If there is no splice then you don't need to ground the box. 250.148



> 250.148 Continuity and Attachment of Equipment Grounding Conductors to Boxes.
> Where circuit conductors are spliced within a box, or terminated on equipment within or supported by a box, any equipment grounding conductor(s) associated with those circuit conductors shall be connected within the box or to the box with devices suitable for the use in accordance with 250.148(A) through (E).
> Exception: The equipment grounding conductor permitted in 250.146(D) shall not be required to be connected to the other equipment grounding conductors or to the box.


----------



## Speedy Petey (Jan 10, 2007)

Dennis, I interpret that as to only require the connection of a certain grounding conductor to a box if it terminates or is spliced in the box. IE: If you have a ground that passes through a box, but it is spliced, it must be connected to the box, not just spliced.

ALL metallic boxes and enclosures must be grounded/bonded.

_*250.96 Bonding Other Enclosures.
(A) General.* Metal raceways, cable trays, cable armor, cable sheath, enclosures, frames, fittings, and other metal non–current-carrying parts that are to serve as grounding conductors, with or without the use of supplementary equipment grounding conductors, shall be bonded where necessary to ensure electrical continuity and the capacity to conduct safely any fault current likely to be imposed on them. Any nonconductive paint, enamel, or similar coating shall be removed at threads, contact points, and contact surfaces or be connected by means of fittings designed so as to make such removal unnecessary._


----------



## bruce6670 (Apr 27, 2010)

Dennis Alwon said:


> If there is no splice then you don't need to ground the box. 250.148


That's what I thought. Thanks.:thumbsup:


----------



## Speedy Petey (Jan 10, 2007)

My statement above assumes no other grounding method.

If the box is already grounded/bonded then Dennis is absolutely correct.


----------



## Dennis Alwon (May 9, 2009)

Speedy Petey said:


> Dennis, I interpret that as to only require the connection of a certain grounding conductor to a box if it terminates or is spliced in the box. IE: If you have a ground that passes through a box, but it is spliced, it must be connected to the box, not just spliced.

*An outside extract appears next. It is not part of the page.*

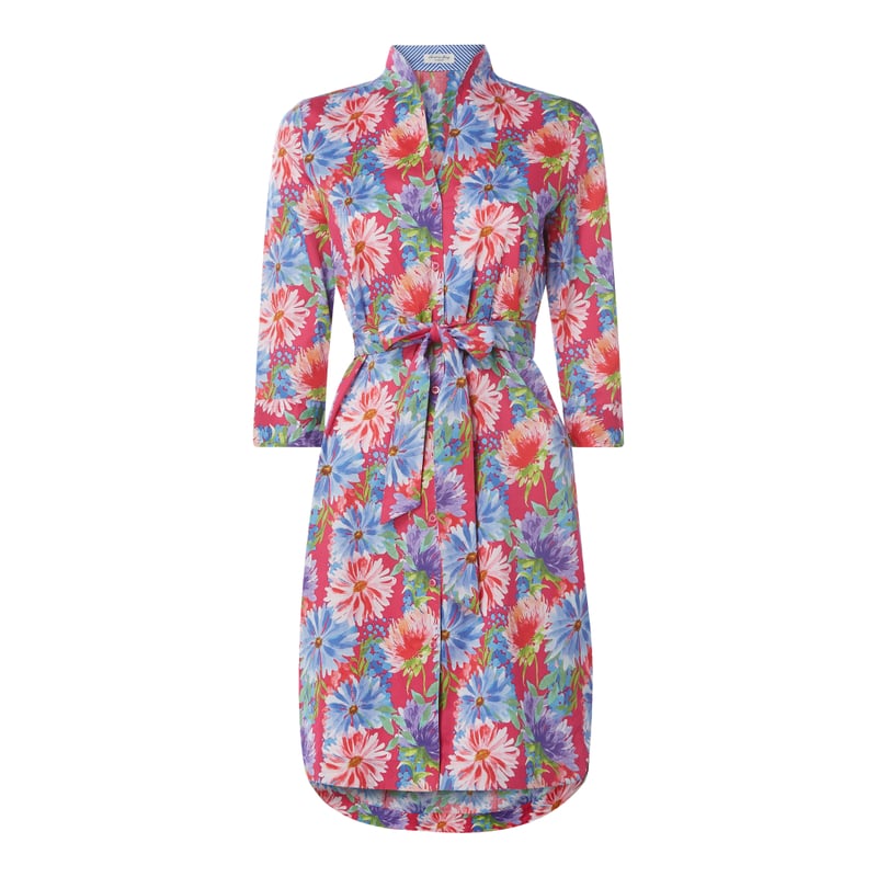 Sukienka koszulowa damska Christian Berg Women, Czysta bawełna , Dopasowany krój , Kwiatowy wzór , Spiczasty dekolt ze stójką, Listwa guzikowa, Rękawy o dł. 3/4 z mankietami na guziki, Pasek w talii, Długość tyłu w rozmiarze 36: 98 cm, Długość rękawa w rozmiarze 36: 47 cm

IMO, you cannot pass thru the box and be spliced. But yes I agree if there is a splice or terminated ground then it must be connected to the box.


----------



## Dennis Alwon (May 9, 2009)

Speedy Petey said:


> My statement above assumes no other grounding method.
> 
> If the box is already grounded/bonded then Dennis is absolutely correct.


 
Yes, I was assuming the box was grounded thru a metal raceway.


----------



## bruce6670 (Apr 27, 2010)

I was thinking of a situation such as a 1900 box used as a pull box in the middle of a conduit run.


----------



## Dennis Alwon (May 9, 2009)

bruce6670 said:


> I was thinking of a situation such as a 1900 box used as a pull box in the middle of a conduit run.


That's what I was thinking with metal conduit of course. Petey point was that the box has to be grounded. It can be grounde thru the conduit and then there is no reason to ground the box with the egc from the raceway unless it is spliced.

I think we are all on the same page.


----------



## bruce6670 (Apr 27, 2010)

Thanks guys.


----------